Les dispositifs locaux d'accompagnement (DLA) sont financés par l'Etat (services déconcentrés du ministère de l'Emploi) à travers la DGEFP (délégation générale à l'emploi et à la formation professionnelle), la Caisse des dépôts (CDC) et le Fonds social européen (FSE), ainsi que par quelques collectivités locales, réseaux bancaires et autres services déconcentrés de l'Etat (direction régionale de la jeunesse et des sports, direction régionale de l'action culturelle). Au total, 54 millions d'euros d'ingénierie ont été financés depuis 2002. En 2007, ce montant s'élevait à 13 millions d'euros.
On compte 104 DLA en France en 2008. Alors qu'un comité de pilotage réunissant les financeurs du dispositif fixe des objectifs d'activité, un comité d'appui rassemblant notamment les réseaux associatifs, les collectivités locales et les services déconcentrés de l'Etat apporte son expertise.
Il existe 19 C2RA (centres régionaux de ressources et d'animation) couvrant 20 régions pour soutenir les DLA. Leur rôle : favoriser une cohérence régionale des méthodes d'intervention en offrant un lieu d'information, d'échanges et de capitalisation d'expériences. Ils sont généralement portés par une CRES (chambre régionale d'économie sociale) ou une CPCA (Conférence permanente des coordinations associatives) régionale.
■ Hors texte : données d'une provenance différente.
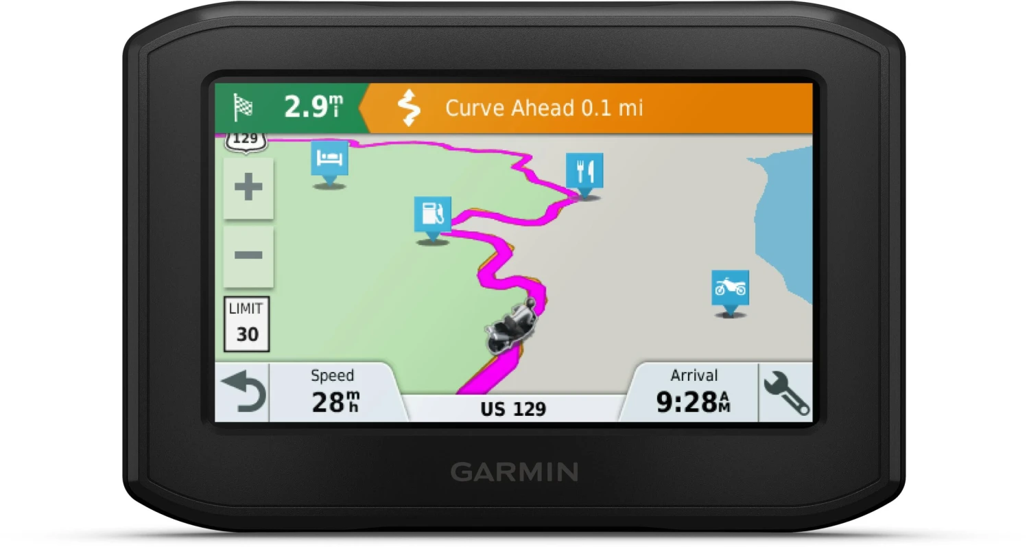 - Helpful rider alerts for upcoming sharp curves, railway crossings and more

Au niveau national, il existe 6 CNAR (centres nationaux d'appui et de ressources) : l'un, transversal, est dédié au financement et les autres concernent un secteur spécifique (culture, environnement, social, sport, insertion par l'activité économique). Ces derniers viennent compléter l'action généraliste des DLA en réunissant tous les professionnels d'un secteur (têtes de réseaux associatives et ministères compétents). En plus d'être un appui technique, les CNAR évaluent l'impact du DLA dans leur secteur. Le CNAR social est porté par l'Uniopss.
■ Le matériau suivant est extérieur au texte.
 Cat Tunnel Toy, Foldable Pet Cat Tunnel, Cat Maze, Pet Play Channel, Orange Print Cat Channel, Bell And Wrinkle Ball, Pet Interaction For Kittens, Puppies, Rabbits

Enfin, l'AVISE (Agence de valorisation des initiatives socio-économiques) est chargée de l'animation nationale du dispositif (production et échanges d'outils, capitalisation de bonnes pratiques et mise en oeuvre de formations).
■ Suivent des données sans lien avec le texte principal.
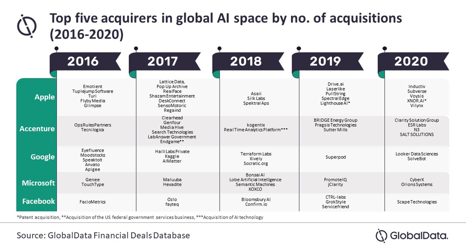 Apple è il principale acquirente di aziende nell’ambito dell’intelligenza artificiale. È quanto emerge da una ricerca di GlobalData: dal 2016 al 2020, Apple ha acquisito il maggior numero di aziende legate all’IA, battendo Accenture, Google, Microsoft e Facebook, ognuna delle quali ha portato a termine acquisizioni nell’ambito IA.

(1) L'engagement dans un DLA correspond à une démarche volontaire de l'association.
(2) La Table de Cana est une association qui fédère six entreprises d'insertion spécialisées dans la restauration -
(3) Les réseaux peuvent même devenir prestataires d'une ingénierie. Ainsi, si deux tiers des ingénieries sont réalisées par des consultants privés, un tiers d'entre elles le sont par des réseaux (FNARS, CREAI, Uriopss, etc.).
(4) Le sport et le secteur famille, enfance et jeunesse arrivent en quatrième position.